Sus armas son el sensacionalismo, enfoques sesgados, omisión de la realidad por alineación política, para tratar de imponer su realidades virtuales . Lo triste es que el público tiende a dar mayor credibilidad a los fake news que a sus desmentidas. Son tiempos de infodemia, de circulación permanente de informaciones falsas tendientes a aumentar el pánico, que se propaga más rápidamente que el covid-19.

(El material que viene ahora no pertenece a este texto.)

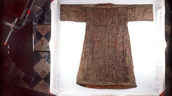 Phúc âm Thánh Gioan thuật lại về tấm áo sau cùng của Chúa Giêsu: “Ðóng đinh Ðức Giêsu vào thập giá xong, lính tráng lấy áo xống của Người chia làm bốn phần; họ lấy cả chiếc áo dài nữa. Nhưng chiếc áo dài này không có đường khâu, dệt liền từ trên xuống dưới. (24) Vậy họ nói với nhau: "Ðừng xé áo ra, cứ bắt thăm xem ai được". Thế là ứng nghiệm lời Kinh Thánh: Áo xống tôi, chúng đem chia chác, còn áo dài, cũng bắt thăm luôn.“ (Ga 19,23).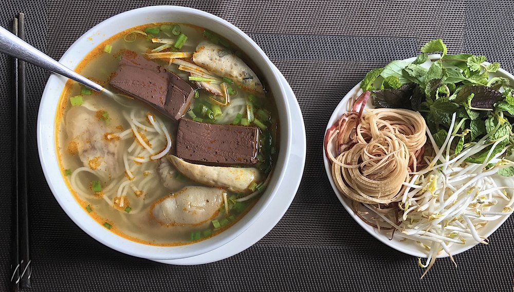 Eine würzige, aromatische Nudelsuppe aus Zentralvietnam mit dicken Reisnudeln, Rindfleisch, Schweineknochen und einer kräftigen Brühe aus Zitronengras und Garnelenpaste. Die Schärfe und Tiefe des Geschmacks machen dieses Gericht zu einem kulinarischen Erlebnis.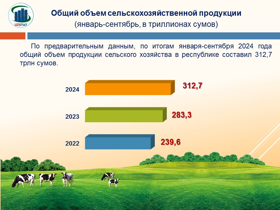 По предварительным данным, по итогам января-сентября 2024 года общий объем продукции сельского хозяйства в республике составил 312,7 трлн сумов.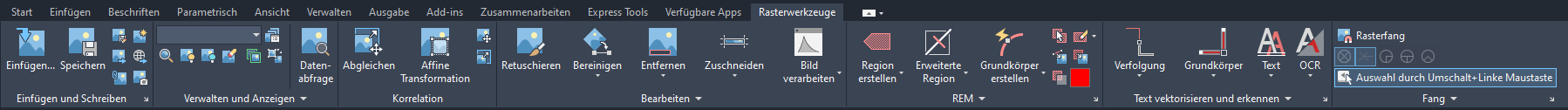 | REM | Bearbeitet bitonale, Farb- und Graustufen-Rasterdaten. Es stehen Optionen zur Verfügung, um Rasterobjekte auszuwählen und sie anschließend zu vektorisieren, bearbeiten oder entfernen. |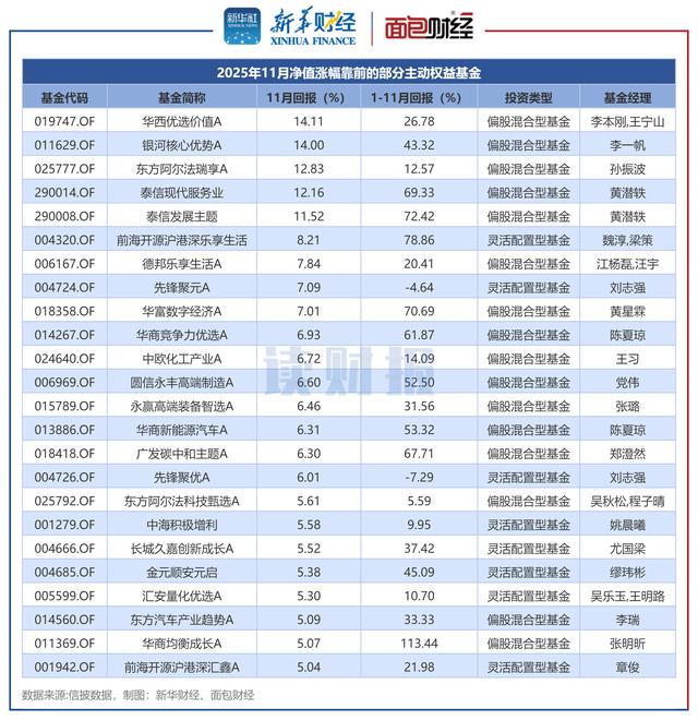图1:2025年11月净值涨幅靠前的部分主动职权基金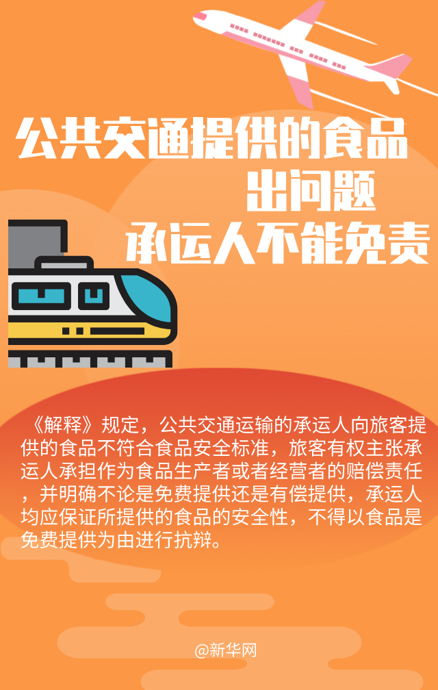 《解釋》規(guī)定,公共交通運(yùn)輸?shù)某羞\(yùn)人向旅客提供的食品不符合食品安全標(biāo)準(zhǔn),旅客有權(quán)主張承運(yùn)人承擔(dān)作為食品生產(chǎn)者或者經(jīng)營(yíng)者的賠償責(zé)任,并明確不論是免費(fèi)提供還是有償提供,承運(yùn)人均應(yīng)保證所提供的食品的安全性,不得以食品是免費(fèi)提供為由進(jìn)行抗辯。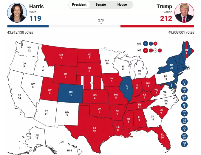 4:50 - Donald Trump dostigao je 212 elektorskih glasova prema prvim rezultatima, a njegova protivnica Kamala Harris trenutno je na 119 elektorskih glasova.
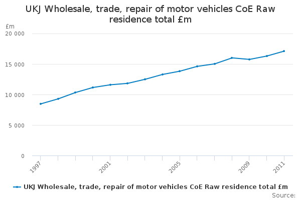 Download this time seriesUKJ Wholesale, trade, repair of motor vehicles CoE Raw residence total £m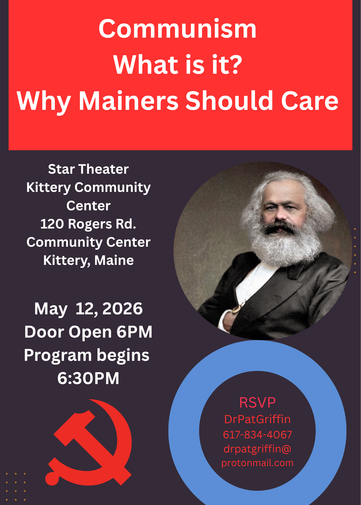 The Kittery and Eliot Town Committees are sponsoring the following program on Communism and invite you to attend. Dr. Pat Griffin has organized a panel of speakers on this important topic in light of the threat that Communism plays in our country and world today.

Curas milagrosas, teorías conspirativas, catástrofes inminentes, viralizadas por las redes sociales y difundidas como ciertas por los medios, las fake-ness (es decir, las mentiras) circulan y se reproducen al mismo paso que el covid-19. Se explota la incertidumbre, los miedos, pero también se expone la manipulación de intereses políticos. Ha resurgido un floreciente mercado de la información falsa.
Los diversos temas relativos a la pandemia son tratados en la mayoría de los medios como una cuestión binaria, por el sí o por el no. Los medios hegemónicos –y, lamentablemente también algunos alternativos- se dedican a banalizar todo.
Come ajo, bebe alcohol, el virus se transmite por las líneas 5G… Estas y algunas otras falsedades corren por internet, la televisión, las redes sociales. La información falsa y poco fiable se propaga de forma vírica hasta el punto de estar poniendo en riesgo muchas vidas.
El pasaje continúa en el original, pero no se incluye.